*Assigned task:*
Leave out the pictures and retype, exactly, the lines below from the line with "TUTTOSPORT – Allegri" up to and including the line with "Moeda de bronze", nothing more.

*Records:*
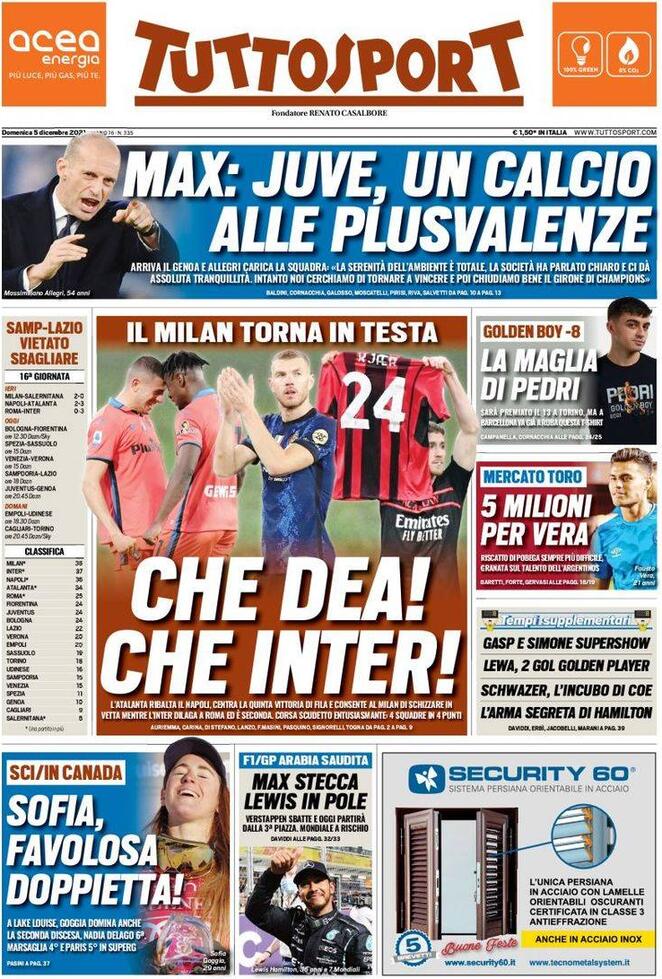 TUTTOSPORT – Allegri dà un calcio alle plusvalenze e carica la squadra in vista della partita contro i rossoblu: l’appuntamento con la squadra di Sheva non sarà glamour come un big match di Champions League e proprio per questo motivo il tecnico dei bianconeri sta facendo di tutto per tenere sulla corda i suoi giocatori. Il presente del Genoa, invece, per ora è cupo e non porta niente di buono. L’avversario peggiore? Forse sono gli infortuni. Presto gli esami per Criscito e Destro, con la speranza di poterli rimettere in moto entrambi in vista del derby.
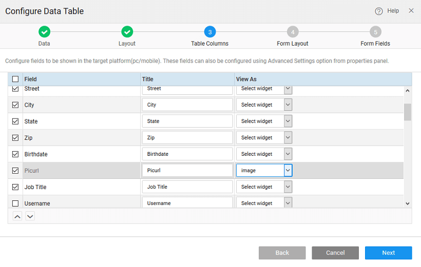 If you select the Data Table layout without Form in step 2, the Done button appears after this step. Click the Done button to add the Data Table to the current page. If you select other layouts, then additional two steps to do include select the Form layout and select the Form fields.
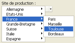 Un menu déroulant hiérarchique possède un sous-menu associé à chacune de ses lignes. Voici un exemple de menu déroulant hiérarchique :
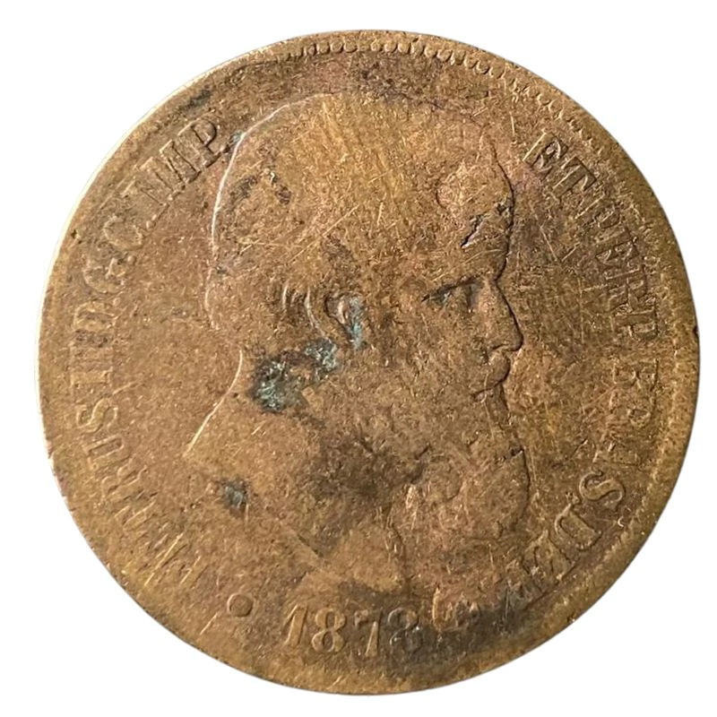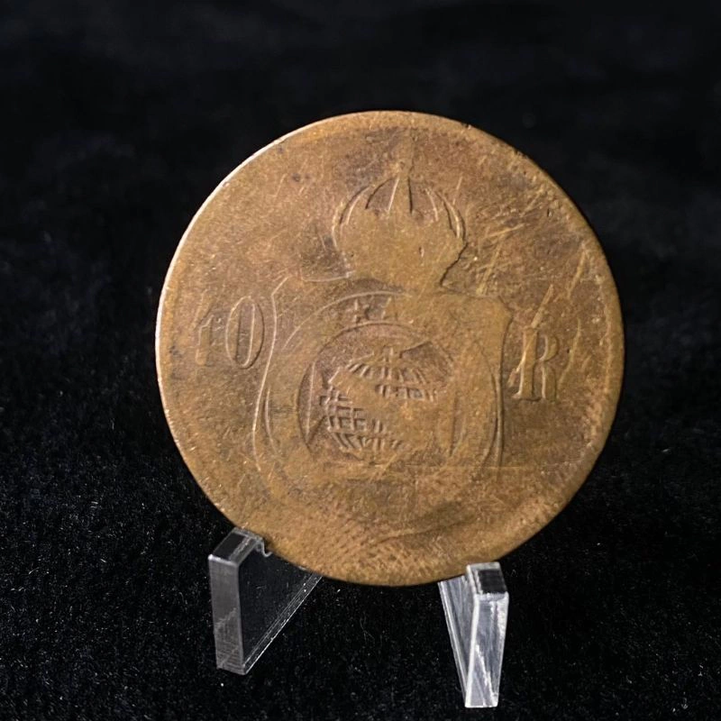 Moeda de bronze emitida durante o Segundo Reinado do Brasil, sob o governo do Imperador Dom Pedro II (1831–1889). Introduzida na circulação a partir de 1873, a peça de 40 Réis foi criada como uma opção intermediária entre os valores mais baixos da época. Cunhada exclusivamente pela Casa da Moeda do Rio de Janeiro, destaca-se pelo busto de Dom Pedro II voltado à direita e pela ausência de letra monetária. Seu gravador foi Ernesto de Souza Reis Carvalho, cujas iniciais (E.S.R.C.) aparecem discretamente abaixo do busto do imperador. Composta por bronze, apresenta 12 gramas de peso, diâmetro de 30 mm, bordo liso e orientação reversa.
* * *
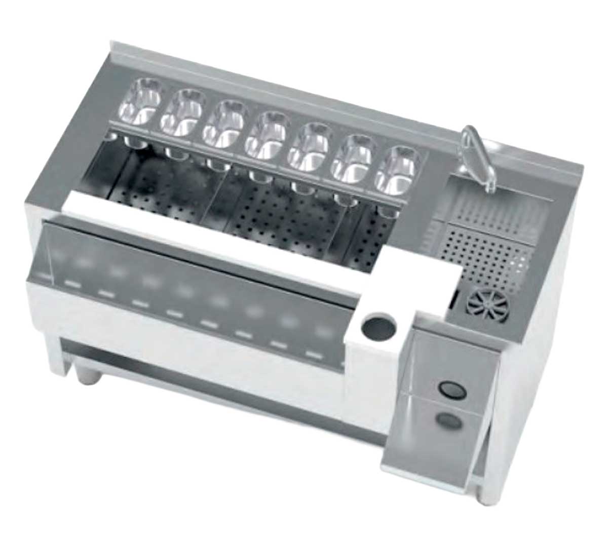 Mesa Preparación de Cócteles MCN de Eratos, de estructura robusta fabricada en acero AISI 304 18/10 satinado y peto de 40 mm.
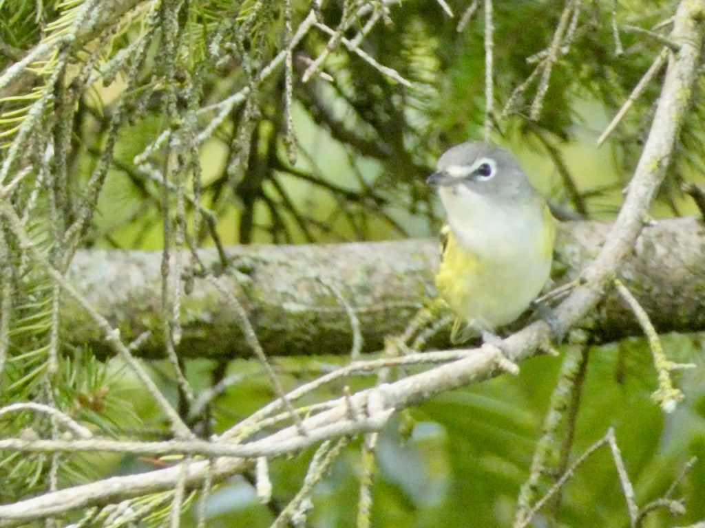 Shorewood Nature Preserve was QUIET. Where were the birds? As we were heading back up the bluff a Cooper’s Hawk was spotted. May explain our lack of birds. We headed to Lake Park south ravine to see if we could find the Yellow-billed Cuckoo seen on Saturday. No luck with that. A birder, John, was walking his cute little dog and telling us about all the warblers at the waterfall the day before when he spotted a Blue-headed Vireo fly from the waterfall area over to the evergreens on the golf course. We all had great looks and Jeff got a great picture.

*Task answer:*
 TUTTOSPORT – Allegri dà un calcio alle plusvalenze e carica la squadra in vista della partita contro i rossoblu: l’appuntamento con la squadra di Sheva non sarà glamour come un big match di Champions League e proprio per questo motivo il tecnico dei bianconeri sta facendo di tutto per tenere sulla corda i suoi giocatori. Il presente del Genoa, invece, per ora è cupo e non porta niente di buono. L’avversario peggiore? Forse sono gli infortuni. Presto gli esami per Criscito e Destro, con la speranza di poterli rimettere in moto entrambi in vista del derby.
 If you select the Data Table layout without Form in step 2, the Done button appears after this step. Click the Done button to add the Data Table to the current page. If you select other layouts, then additional two steps to do include select the Form layout and select the Form fields.
 Un menu déroulant hiérarchique possède un sous-menu associé à chacune de ses lignes. Voici un exemple de menu déroulant hiérarchique :
 Moeda de bronze emitida durante o Segundo Reinado do Brasil, sob o governo do Imperador Dom Pedro II (1831–1889). Introduzida na circulação a partir de 1873, a peça de 40 Réis foi criada como uma opção intermediária entre os valores mais baixos da época. Cunhada exclusivamente pela Casa da Moeda do Rio de Janeiro, destaca-se pelo busto de Dom Pedro II voltado à direita e pela ausência de letra monetária. Seu gravador foi Ernesto de Souza Reis Carvalho, cujas iniciais (E.S.R.C.) aparecem discretamente abaixo do busto do imperador. Composta por bronze, apresenta 12 gramas de peso, diâmetro de 30 mm, bordo liso e orientação reversa.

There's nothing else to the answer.